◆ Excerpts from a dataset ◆
• • • • • • •
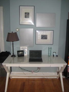 I know, I know, I said that if you write you should be able to write anywhere. But there is something awfully tantalizing about a new desk, a fresh coat of paint, and cork boards just dying to be filled up with pictures and ideas. The trillium photos, one of my favorite gifts, don’t hurt either. Unfortunately I still need a proper chair, which brings me to…
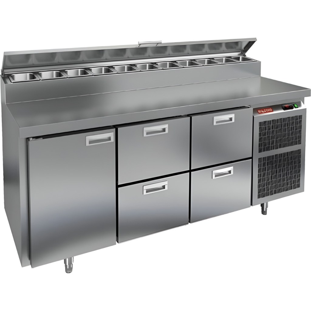 Каталог оборудования Холодильное оборудованиеСтолы охлаждаемыеСтолы холодильные для пиццыСтол холодильный для пиццы HiCold PZ2-122GN (1/6) Стол холодильный для пиццы HiCold PZ2-122GN (1/6) Код товара: 064-756 Поделиться: WhatsAppTelegram СравнитьДобавить в КПВ избранное 0 275 572 ₽ В корзину 0 шт Под заказСамовывоз сегодня бесплатно Взять в кредит Купить в лизинг Получить консультацию в WhatsApp Описание Характеристики Отзывы 0 Стол холодильный для пиццы HiCold PZ2-122GN (1/6) предназначен для кухонь и предприятий общественного питания. Он используется для раскатки теста, подготовки ингредиентов для пиццы, салатов и других блюд, а также для охлаждения и кратковременного хранения скоропортящихся продуктов. Модель совмещает нержавеющую рабочую поверхность и охлаждаемый отсек с 1 дверью и 4 ящиками, обеспечивая удобный доступ к ингредиентам и эффективное хранение. Особенности: Динамическая система охлаждения для равномерного поддержания температуры Автоматическая оттайка для удобного обслуживания Электронная панель управления для точной настройки параметров Вместительная внутренняя полка формата GN 1/1 (размер 530×325 мм) 1 дверь и 4 вместительных ящика для хранения ингредиентов Автоматические доводчики дверей с фиксатором открытого положения Легкозаменяемые магнитные уплотнители для герметичности Открытая агрегатная часть для легкого доступа к компонентам Регулируемые по высоте ножки для устойчивости Нержавеющая столешница глубиной 486 мм и толщиной 50 мм — устойчива к коррозии, легко моется и гигиенична Толщина теплоизоляции: 50 мм Максимальная глубина гастроемкостей: 100 мм Вместимость салат-бара: 11 гастроемкости Стол холодильный HiCold PZ2-122GN (1/6) — это надежный и функциональный стол для пиццы. Он объединяет рабочую поверхность и охлаждаемый отсек, упрощает хранение и подготовку ингредиентов, обеспечивает удобство работы повара и соответствует стандартам профессиональной кухни. Изображение товара, представленного на фото, может отличаться от его фактического вида. Показать все Габаритные размеры1835×700×1000 ммДиапазон рабочей температурыот +2 до +10 °CРасположение агрегатаБоковое Материал столешницыНержавеющая Тип столаС дверьми и ящиками Тип двериГлухая Объём350 лТип гастроемкостейGN 1/6 Количество дверей1 штКоличество ящиков4 штРазмер полки530×325 ммНапряжение220 ВМощность0,5 кВтТип охлажденияДинамическое Тип оттайкиАвтоматическая Габариты в упаковке2000×850×1140 ммВес нетто172 кгВес брутто210 кгБрендHicoldВсе холодильные столы для пиццы HicoldВсе нержавеющие холодильные столы для пиццы Оставить отзыв Еще никто не оставил отзыв на этот товар Ранее просмотрено Под заказ 147 321 ₽ Стол холодильный для пиццы HiCold PZ1-1GN (1/3) В наличии 250 642 ₽ Стол холодильный для пиццы HiCold PZ2-1111GN (1/6) Под заказ 217 161 ₽ Стол холодильный для пиццы HiCold PZE1-112GN (1/3)
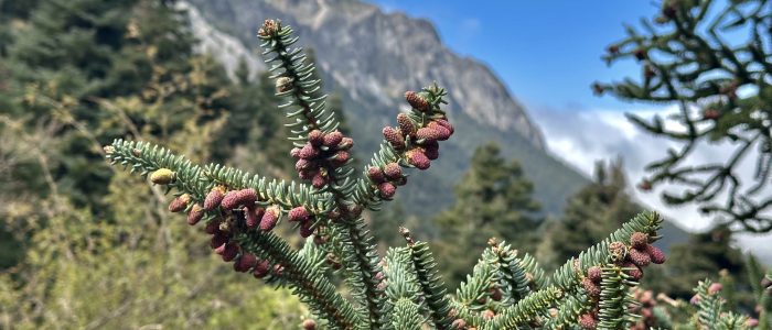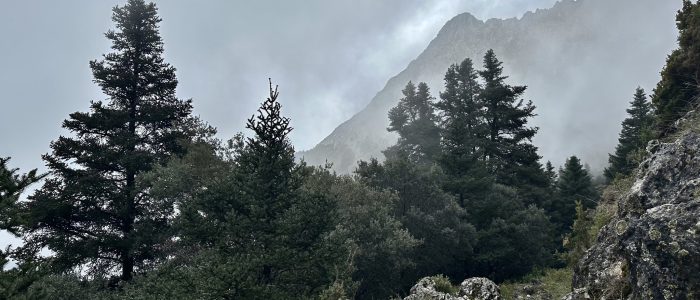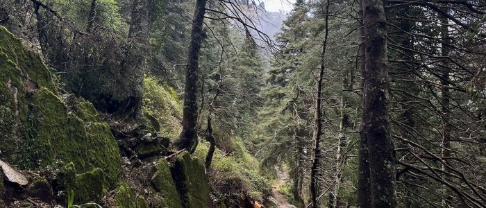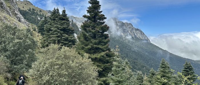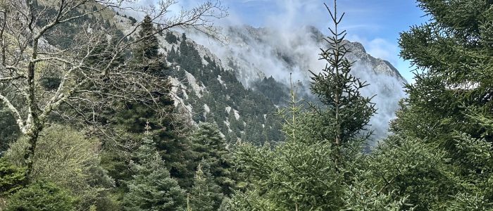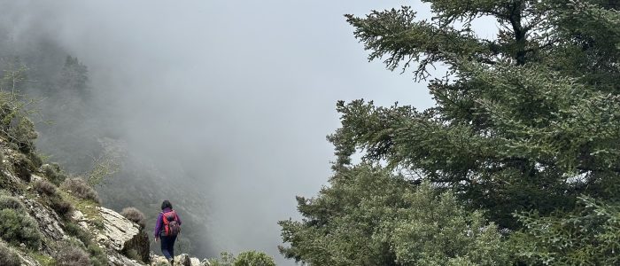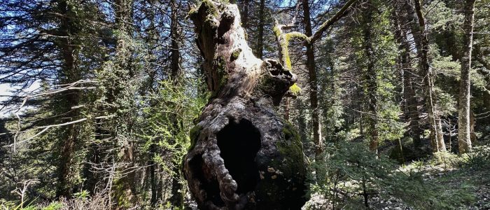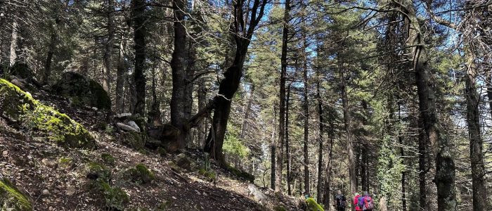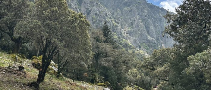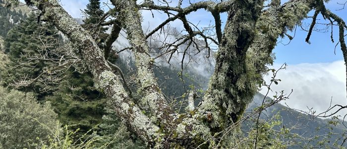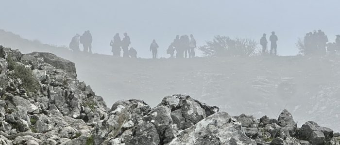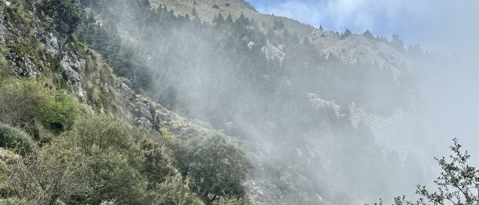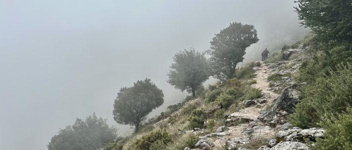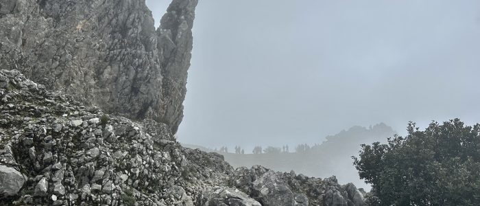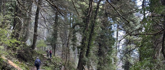 Con las caídas del pinsapar, con esas impresionantes canchales que parecen no tener fin… Nos metemos y nos metemos en el bosque… Como siempre, me siento pequeño y grande a la vez entre estos árboles centenarios, especiales y bellos… El duende se mezcla entre nubes y se apodera de este lugar…!!! Los quejidos acompañantes del camino, las plantas, las luces entre sombras de estos colosos vegetales… y el frescor, el gris, el verde y el marrón se ordenan en un gran baile!!! Disfrutamos en este Camino de las Nieves!!! Y, en un no sé qué… ya estamos en el Puerto del Pinar, donde hacemos el reagrupamiento y nuestro picnic.
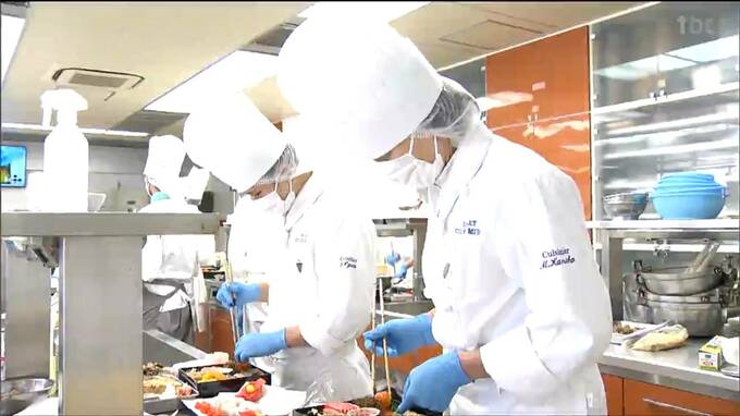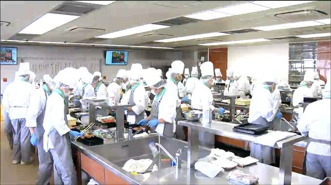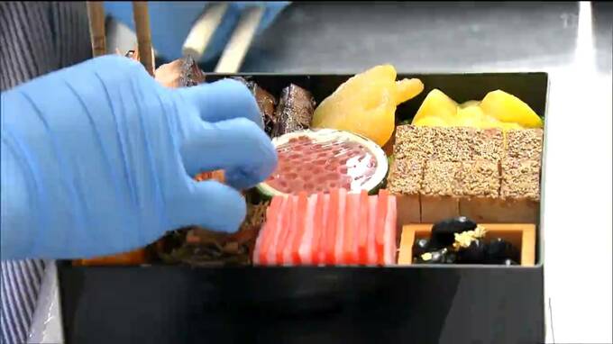 仙台市青葉区の宮城調理製菓専門学校では27日、調理師養成課程の1年生86人が今月23日から仕込んだカズノコの粕漬けや紅白なますなどをお重に詰めました。
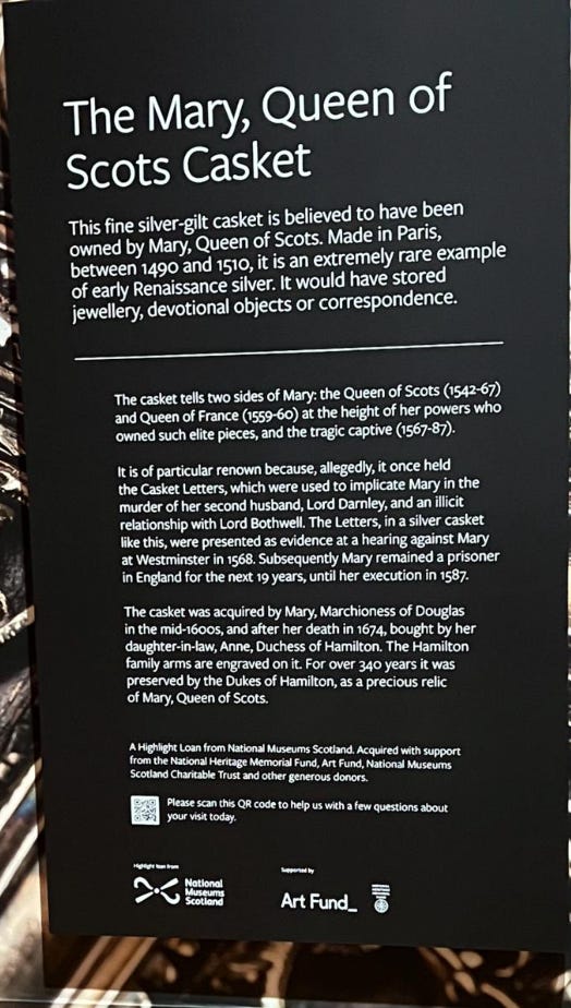 The labels and video explain the object – and repeat the old claim that the casket once held letters that were “evidence” that she was sleeping with the Earl of Bothwell and plotting with him to murder her husband, Lord Darnley.
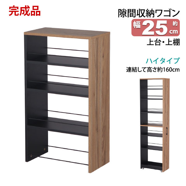 隙間 ラック 上台のみ 完成品 幅25cm 奥行45cm 高さ80cm キッチン 隙間収納 洗面所 すきま収納 脱衣所 すき間収納 冷蔵庫横 洗濯機横 おしゃれ キッチンラック 木製 調味料ラック 細い スリムラック ブラック×ブラウン ※別途下台が必要です※ AHSW-250T
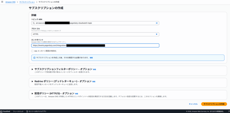 SNSトピックの選択: ①と同じ pagerduty-cloudwatch-topic を選択
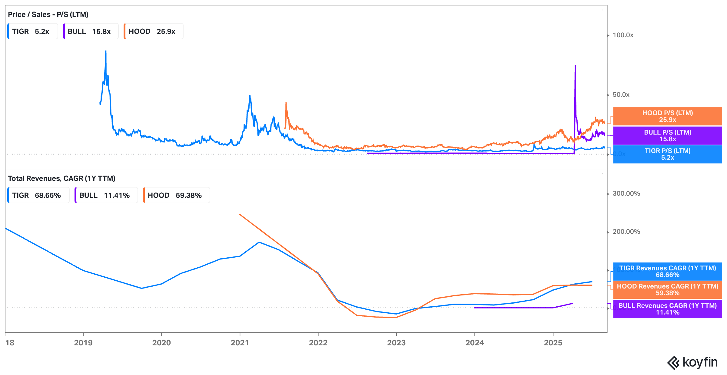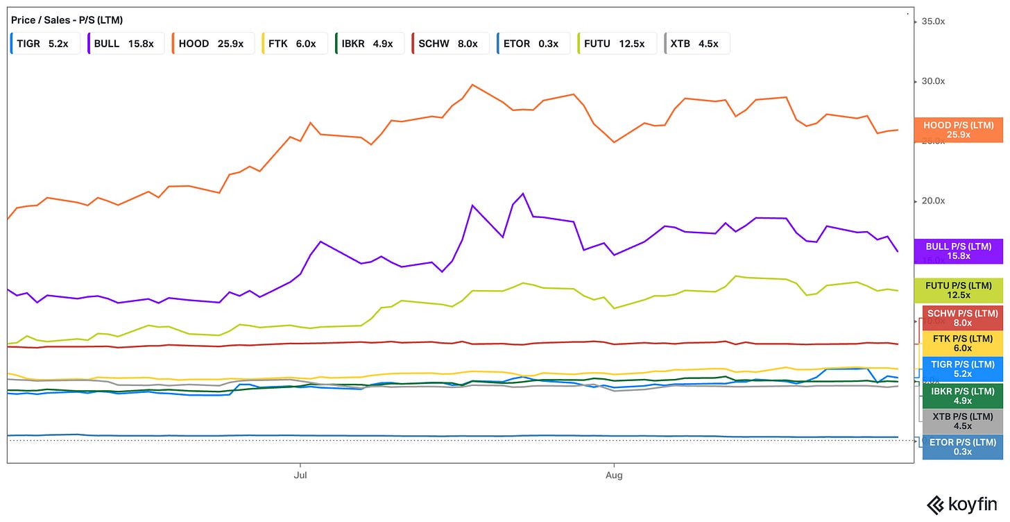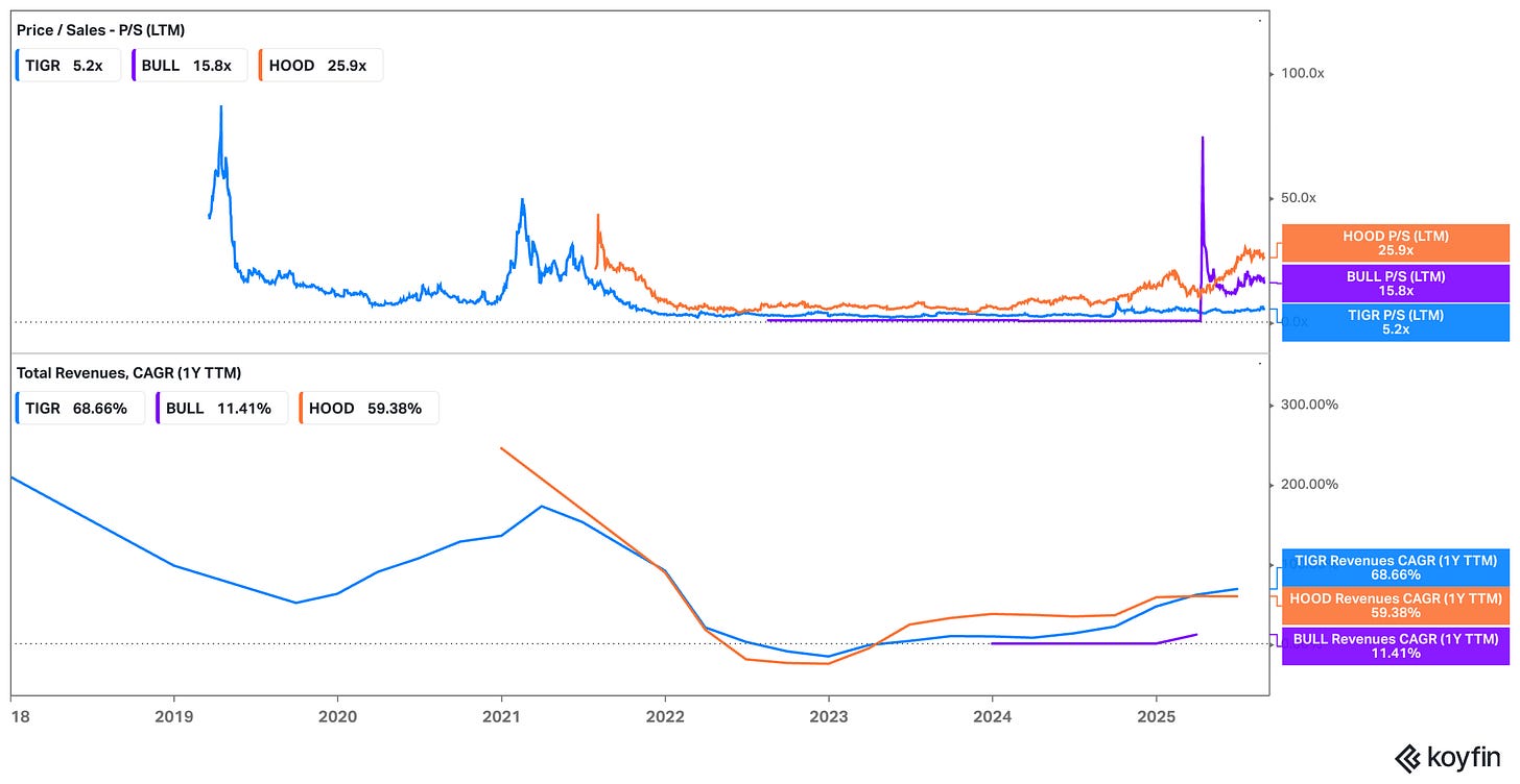 Looking at Tiger in isolation, the low-teens multiple already looks appealing. But the case becomes stronger when I compare it against listed peers. On a price-to-sales basis, Tiger trades at around 5.2x, versus 15.8x for Webull (BULL) and an eye-watering 25.9x for Robinhood (HOOD).
• • • • • • •
◆ WORK REQUEST ◆
Set down all of the entries exactly as they appear, but keep the images out.

◆ FINISHED EXERCISE ◆
 I know, I know, I said that if you write you should be able to write anywhere. But there is something awfully tantalizing about a new desk, a fresh coat of paint, and cork boards just dying to be filled up with pictures and ideas. The trillium photos, one of my favorite gifts, don’t hurt either. Unfortunately I still need a proper chair, which brings me to…
 Каталог оборудования Холодильное оборудованиеСтолы охлаждаемыеСтолы холодильные для пиццыСтол холодильный для пиццы HiCold PZ2-122GN (1/6) Стол холодильный для пиццы HiCold PZ2-122GN (1/6) Код товара: 064-756 Поделиться: WhatsAppTelegram СравнитьДобавить в КПВ избранное 0 275 572 ₽ В корзину 0 шт Под заказСамовывоз сегодня бесплатно Взять в кредит Купить в лизинг Получить консультацию в WhatsApp Описание Характеристики Отзывы 0 Стол холодильный для пиццы HiCold PZ2-122GN (1/6) предназначен для кухонь и предприятий общественного питания. Он используется для раскатки теста, подготовки ингредиентов для пиццы, салатов и других блюд, а также для охлаждения и кратковременного хранения скоропортящихся продуктов. Модель совмещает нержавеющую рабочую поверхность и охлаждаемый отсек с 1 дверью и 4 ящиками, обеспечивая удобный доступ к ингредиентам и эффективное хранение. Особенности: Динамическая система охлаждения для равномерного поддержания температуры Автоматическая оттайка для удобного обслуживания Электронная панель управления для точной настройки параметров Вместительная внутренняя полка формата GN 1/1 (размер 530×325 мм) 1 дверь и 4 вместительных ящика для хранения ингредиентов Автоматические доводчики дверей с фиксатором открытого положения Легкозаменяемые магнитные уплотнители для герметичности Открытая агрегатная часть для легкого доступа к компонентам Регулируемые по высоте ножки для устойчивости Нержавеющая столешница глубиной 486 мм и толщиной 50 мм — устойчива к коррозии, легко моется и гигиенична Толщина теплоизоляции: 50 мм Максимальная глубина гастроемкостей: 100 мм Вместимость салат-бара: 11 гастроемкости Стол холодильный HiCold PZ2-122GN (1/6) — это надежный и функциональный стол для пиццы. Он объединяет рабочую поверхность и охлаждаемый отсек, упрощает хранение и подготовку ингредиентов, обеспечивает удобство работы повара и соответствует стандартам профессиональной кухни. Изображение товара, представленного на фото, может отличаться от его фактического вида. Показать все Габаритные размеры1835×700×1000 ммДиапазон рабочей температурыот +2 до +10 °CРасположение агрегатаБоковое Материал столешницыНержавеющая Тип столаС дверьми и ящиками Тип двериГлухая Объём350 лТип гастроемкостейGN 1/6 Количество дверей1 штКоличество ящиков4 штРазмер полки530×325 ммНапряжение220 ВМощность0,5 кВтТип охлажденияДинамическое Тип оттайкиАвтоматическая Габариты в упаковке2000×850×1140 ммВес нетто172 кгВес брутто210 кгБрендHicoldВсе холодильные столы для пиццы HicoldВсе нержавеющие холодильные столы для пиццы Оставить отзыв Еще никто не оставил отзыв на этот товар Ранее просмотрено Под заказ 147 321 ₽ Стол холодильный для пиццы HiCold PZ1-1GN (1/3) В наличии 250 642 ₽ Стол холодильный для пиццы HiCold PZ2-1111GN (1/6) Под заказ 217 161 ₽ Стол холодильный для пиццы HiCold PZE1-112GN (1/3)
 Con las caídas del pinsapar, con esas impresionantes canchales que parecen no tener fin… Nos metemos y nos metemos en el bosque… Como siempre, me siento pequeño y grande a la vez entre estos árboles centenarios, especiales y bellos… El duende se mezcla entre nubes y se apodera de este lugar…!!! Los quejidos acompañantes del camino, las plantas, las luces entre sombras de estos colosos vegetales… y el frescor, el gris, el verde y el marrón se ordenan en un gran baile!!! Disfrutamos en este Camino de las Nieves!!! Y, en un no sé qué… ya estamos en el Puerto del Pinar, donde hacemos el reagrupamiento y nuestro picnic.
 仙台市青葉区の宮城調理製菓専門学校では27日、調理師養成課程の1年生86人が今月23日から仕込んだカズノコの粕漬けや紅白なますなどをお重に詰めました。
 The labels and video explain the object – and repeat the old claim that the casket once held letters that were “evidence” that she was sleeping with the Earl of Bothwell and plotting with him to murder her husband, Lord Darnley.
 隙間 ラック 上台のみ 完成品 幅25cm 奥行45cm 高さ80cm キッチン 隙間収納 洗面所 すきま収納 脱衣所 すき間収納 冷蔵庫横 洗濯機横 おしゃれ キッチンラック 木製 調味料ラック 細い スリムラック ブラック×ブラウン ※別途下台が必要です※ AHSW-250T
 SNSトピックの選択: ①と同じ pagerduty-cloudwatch-topic を選択
 Looking at Tiger in isolation, the low-teens multiple already looks appealing. But the case becomes stronger when I compare it against listed peers. On a price-to-sales basis, Tiger trades at around 5.2x, versus 15.8x for Webull (BULL) and an eye-watering 25.9x for Robinhood (HOOD).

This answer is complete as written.